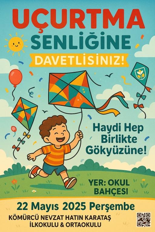 Kıymetli velilerimiz ve öğrencilerimiz 22 Mayıs Perşembe günü saat 10:00'da yapılacak olan şenliğimize ister kendi uçurtmanızla isterseniz şenlik alanımızda birlikte yapacağımız uçurtmalarla bize katılın. Katılımınız bizleri çok mutlu edecektir.
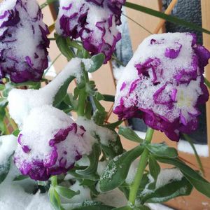 玄関の寄せ植えにも雪❄️が積もりました。ストックの雪化粧のお顔はべっぴんとは言い難い…🤭 朝30cm近く積雪あり雪かきしてきましたが今は吹雪🌨️🌀( p′︵‵。)
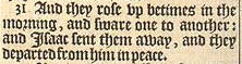 31 And they rose vp betimes in the morning, and sware one to another: and Isaac sent them away, and they departed from him in peace.
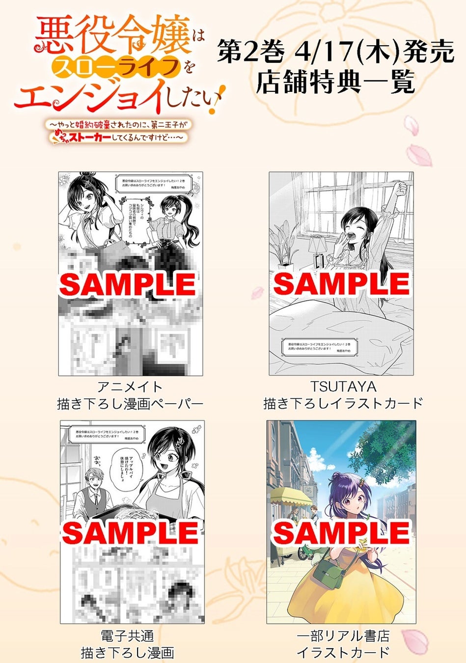書名 :悪役令嬢はスローライフをエンジョイしたい!~やっと婚約破棄されたのに、第二王子がめっちゃストーカーしてくるんですけど…~ 2

THE PROBLEM —
All lines of the listing must be given again exactly, excluding the pictures.

EXERCISE OUTPUT —
 Kıymetli velilerimiz ve öğrencilerimiz 22 Mayıs Perşembe günü saat 10:00'da yapılacak olan şenliğimize ister kendi uçurtmanızla isterseniz şenlik alanımızda birlikte yapacağımız uçurtmalarla bize katılın. Katılımınız bizleri çok mutlu edecektir.
 玄関の寄せ植えにも雪❄️が積もりました。ストックの雪化粧のお顔はべっぴんとは言い難い…🤭 朝30cm近く積雪あり雪かきしてきましたが今は吹雪🌨️🌀( p′︵‵。)
 31 And they rose vp betimes in the morning, and sware one to another: and Isaac sent them away, and they departed from him in peace.
書名 :悪役令嬢はスローライフをエンジョイしたい!~やっと婚約破棄されたのに、第二王子がめっちゃストーカーしてくるんですけど…~ 2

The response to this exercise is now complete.